_Directions for this task_
Only the lines from the line containing "このゴースの場合、レベル30" to the end of the material belong in the copy; set them down exactly, without pictures.

_Data in this exercise_
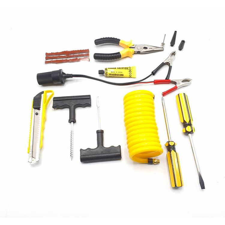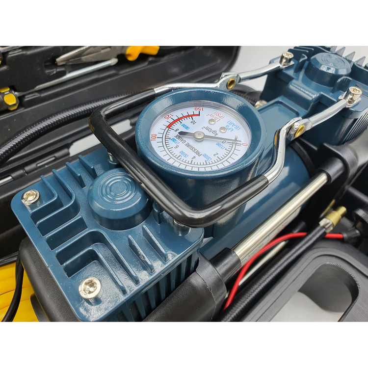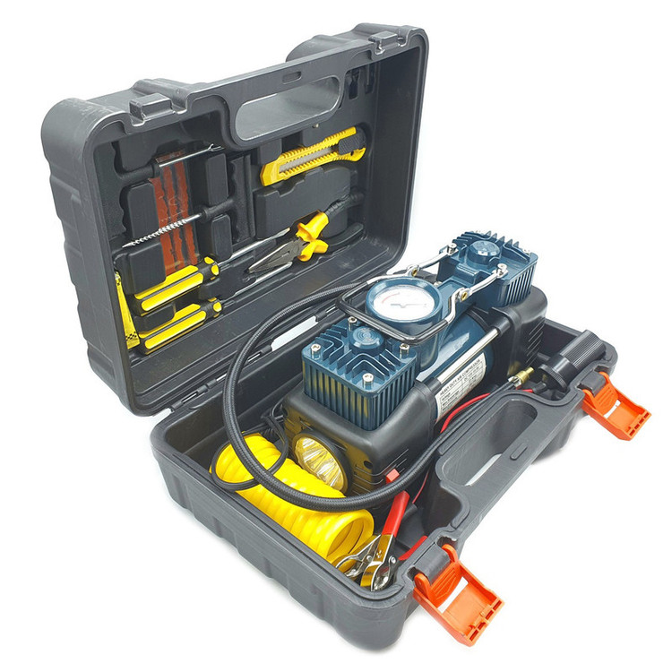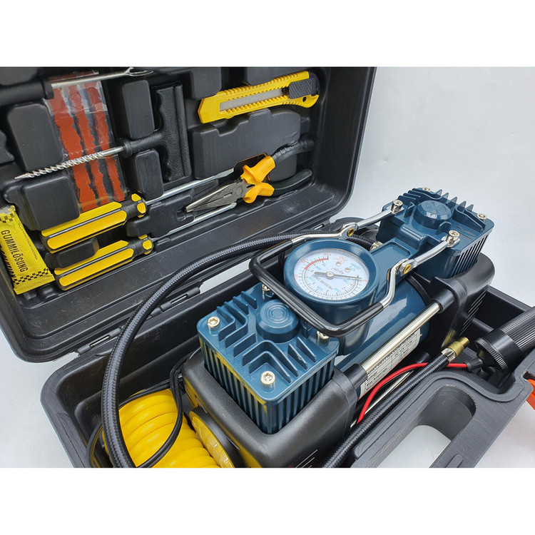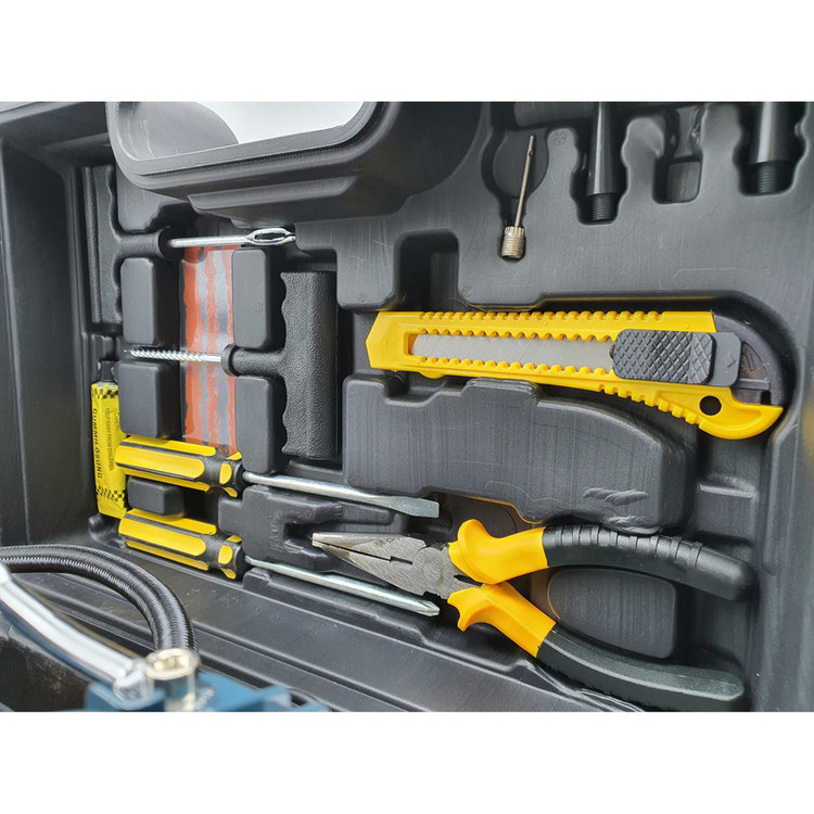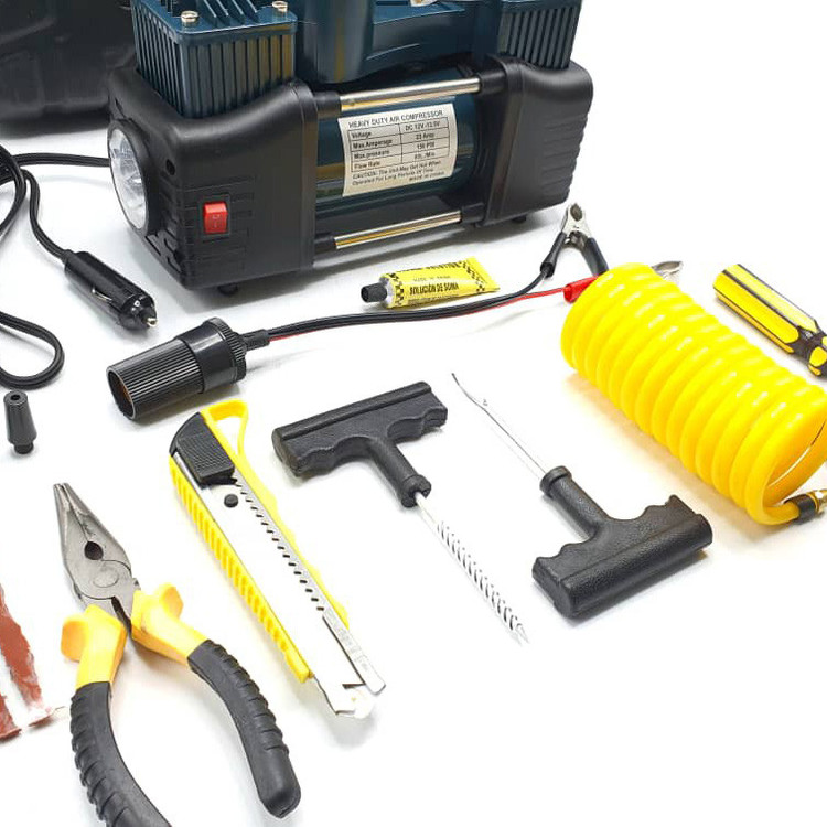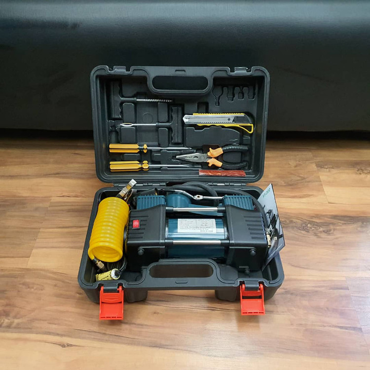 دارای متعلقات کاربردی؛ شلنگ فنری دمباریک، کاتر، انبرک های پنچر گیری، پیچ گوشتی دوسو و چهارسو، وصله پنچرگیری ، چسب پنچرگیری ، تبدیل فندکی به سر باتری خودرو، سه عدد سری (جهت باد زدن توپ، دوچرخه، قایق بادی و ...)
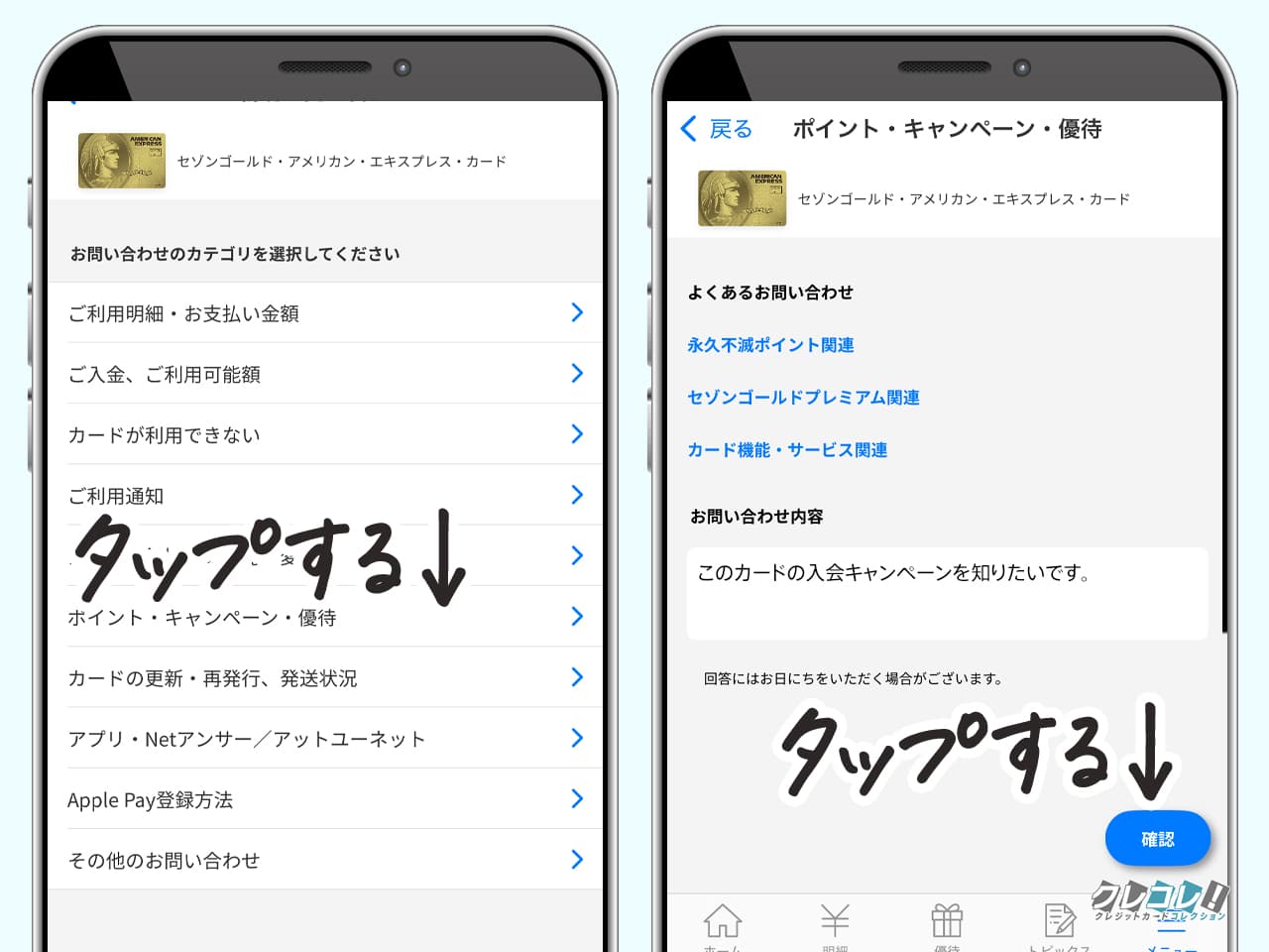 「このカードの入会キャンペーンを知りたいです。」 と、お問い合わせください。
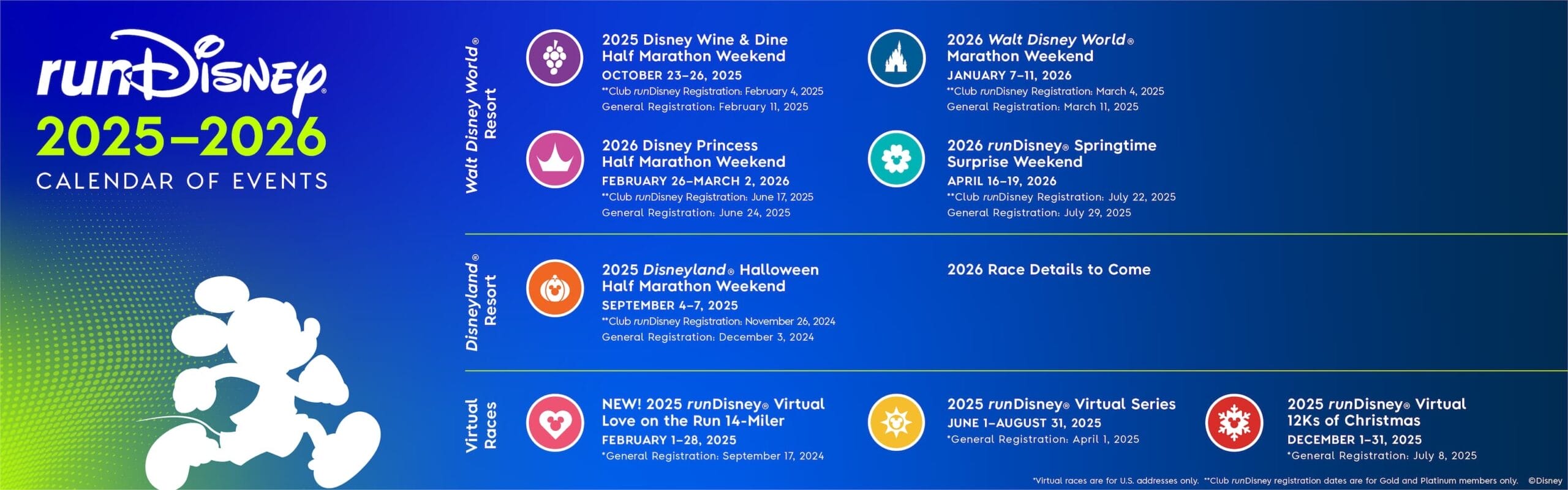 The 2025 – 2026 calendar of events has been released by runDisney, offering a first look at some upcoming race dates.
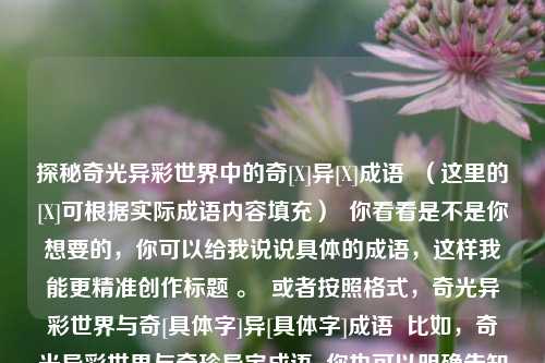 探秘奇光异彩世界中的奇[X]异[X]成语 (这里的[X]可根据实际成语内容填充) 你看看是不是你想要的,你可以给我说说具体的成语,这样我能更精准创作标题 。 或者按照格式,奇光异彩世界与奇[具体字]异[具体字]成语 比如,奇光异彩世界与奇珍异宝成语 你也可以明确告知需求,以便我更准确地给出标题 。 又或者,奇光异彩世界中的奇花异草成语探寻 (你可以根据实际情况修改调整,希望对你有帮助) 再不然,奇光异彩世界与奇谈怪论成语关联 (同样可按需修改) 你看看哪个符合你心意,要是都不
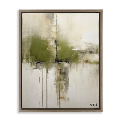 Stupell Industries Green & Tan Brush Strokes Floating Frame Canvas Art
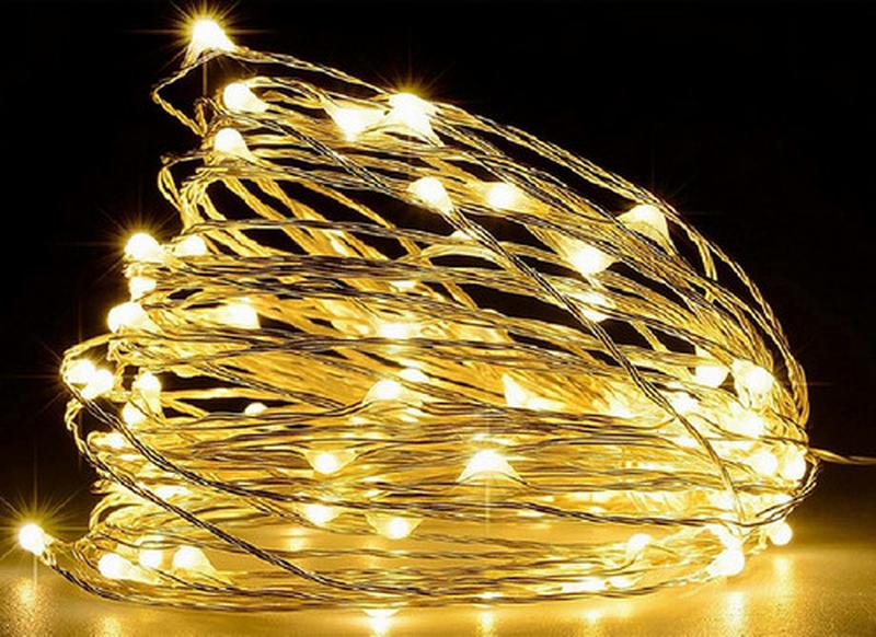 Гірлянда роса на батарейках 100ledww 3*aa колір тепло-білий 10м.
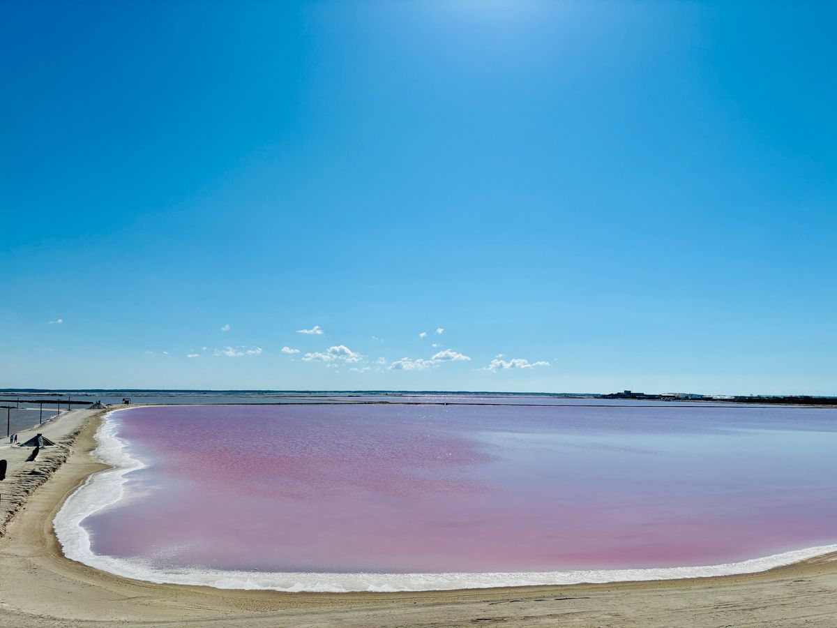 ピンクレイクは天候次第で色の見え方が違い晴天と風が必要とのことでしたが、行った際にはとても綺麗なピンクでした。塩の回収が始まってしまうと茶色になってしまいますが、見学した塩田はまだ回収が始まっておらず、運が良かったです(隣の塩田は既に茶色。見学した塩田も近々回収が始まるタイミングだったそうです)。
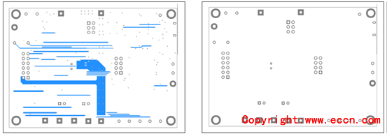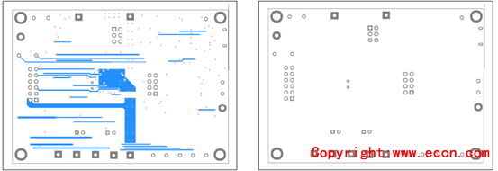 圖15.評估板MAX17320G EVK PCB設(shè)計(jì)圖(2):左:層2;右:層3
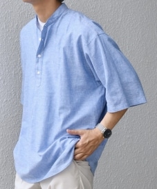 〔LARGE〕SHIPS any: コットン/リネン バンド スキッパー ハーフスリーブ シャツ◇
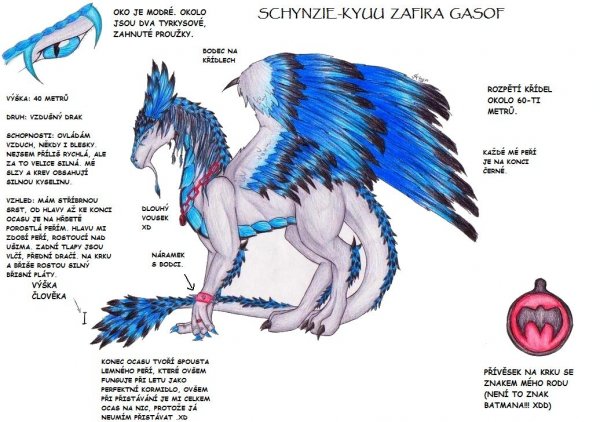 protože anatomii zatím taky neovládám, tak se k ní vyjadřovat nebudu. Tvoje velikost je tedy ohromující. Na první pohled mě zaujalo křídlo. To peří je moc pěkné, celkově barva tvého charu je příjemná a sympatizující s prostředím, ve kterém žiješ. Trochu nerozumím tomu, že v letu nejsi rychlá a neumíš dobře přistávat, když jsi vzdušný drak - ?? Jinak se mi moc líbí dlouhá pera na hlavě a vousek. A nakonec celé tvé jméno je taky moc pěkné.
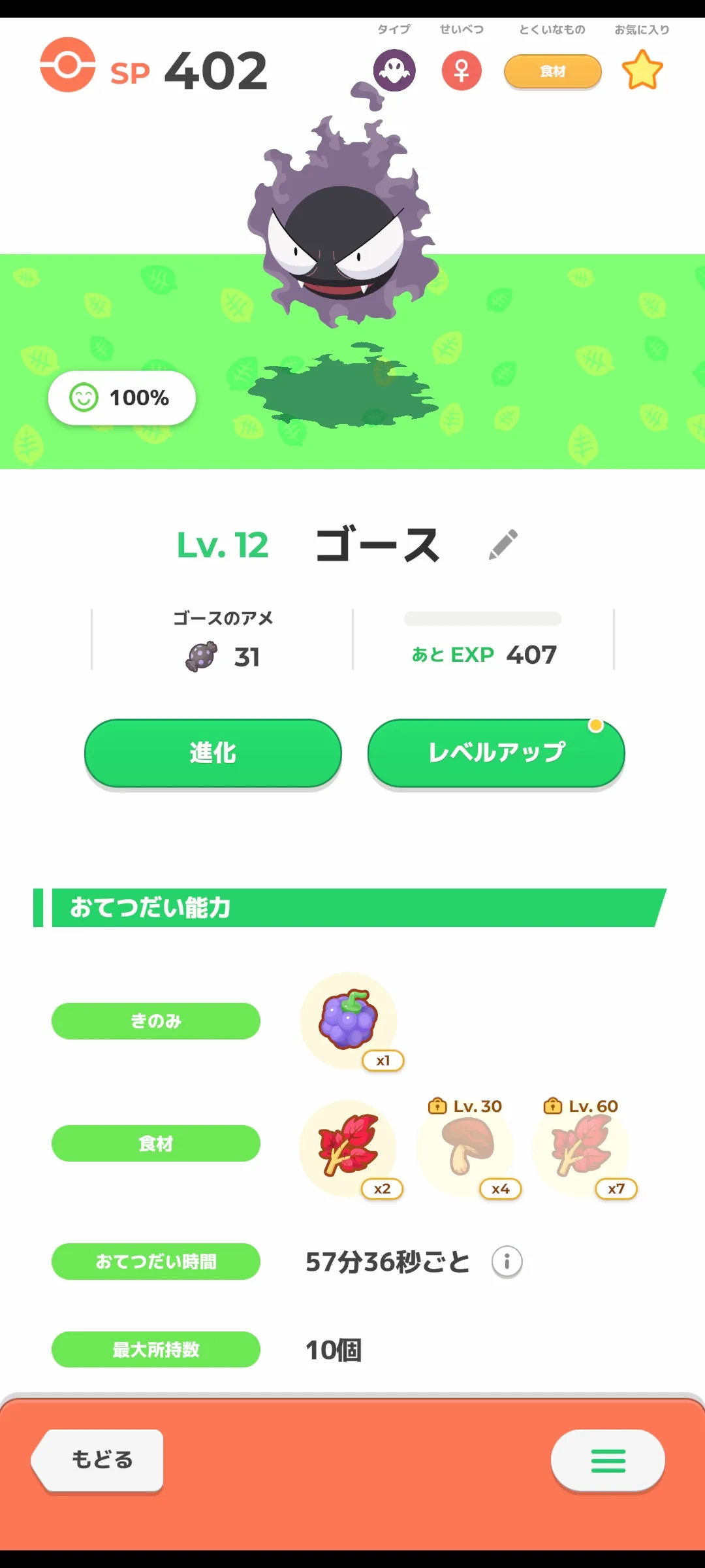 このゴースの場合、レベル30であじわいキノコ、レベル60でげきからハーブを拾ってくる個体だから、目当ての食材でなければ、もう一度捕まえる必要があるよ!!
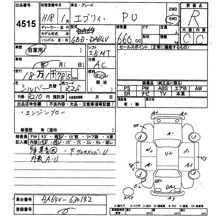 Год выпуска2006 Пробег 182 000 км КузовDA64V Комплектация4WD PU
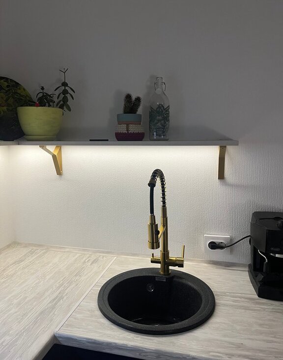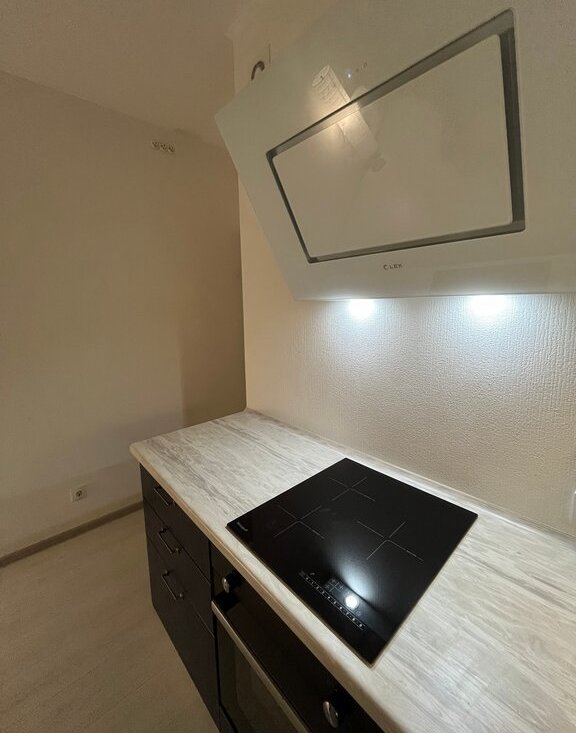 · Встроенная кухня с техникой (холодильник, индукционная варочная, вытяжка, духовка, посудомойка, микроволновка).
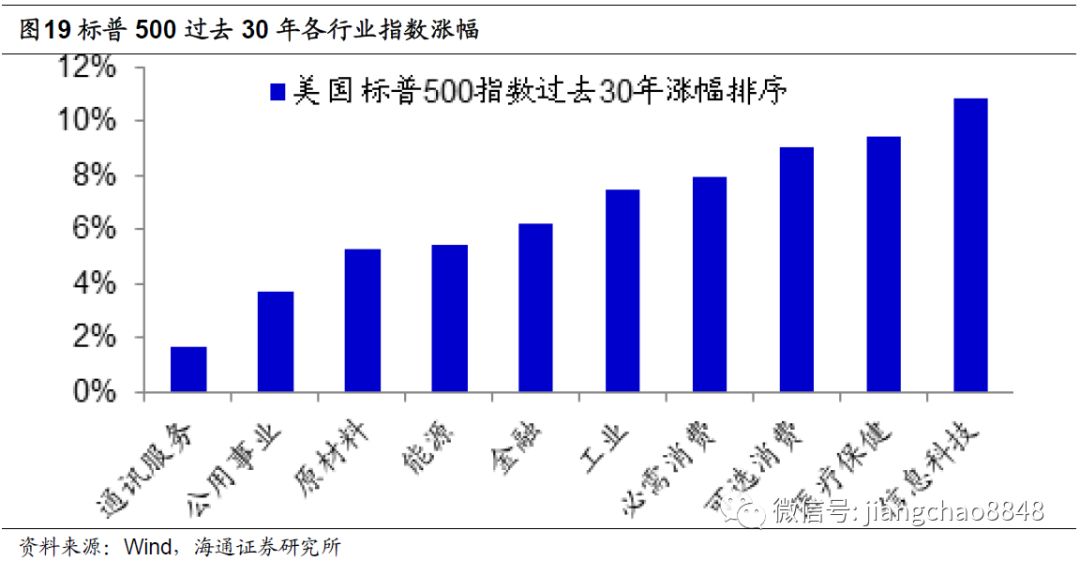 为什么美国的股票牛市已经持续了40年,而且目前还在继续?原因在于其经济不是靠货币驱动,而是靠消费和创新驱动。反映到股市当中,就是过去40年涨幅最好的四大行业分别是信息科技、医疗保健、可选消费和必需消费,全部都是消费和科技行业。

_Answer to this exercise_
 このゴースの場合、レベル30であじわいキノコ、レベル60でげきからハーブを拾ってくる個体だから、目当ての食材でなければ、もう一度捕まえる必要があるよ!!
 Год выпуска2006 Пробег 182 000 км КузовDA64V Комплектация4WD PU
 · Встроенная кухня с техникой (холодильник, индукционная варочная, вытяжка, духовка, посудомойка, микроволновка).
 为什么美国的股票牛市已经持续了40年,而且目前还在继续?原因在于其经济不是靠货币驱动,而是靠消费和创新驱动。反映到股市当中,就是过去40年涨幅最好的四大行业分别是信息科技、医疗保健、可选消费和必需消费,全部都是消费和科技行业。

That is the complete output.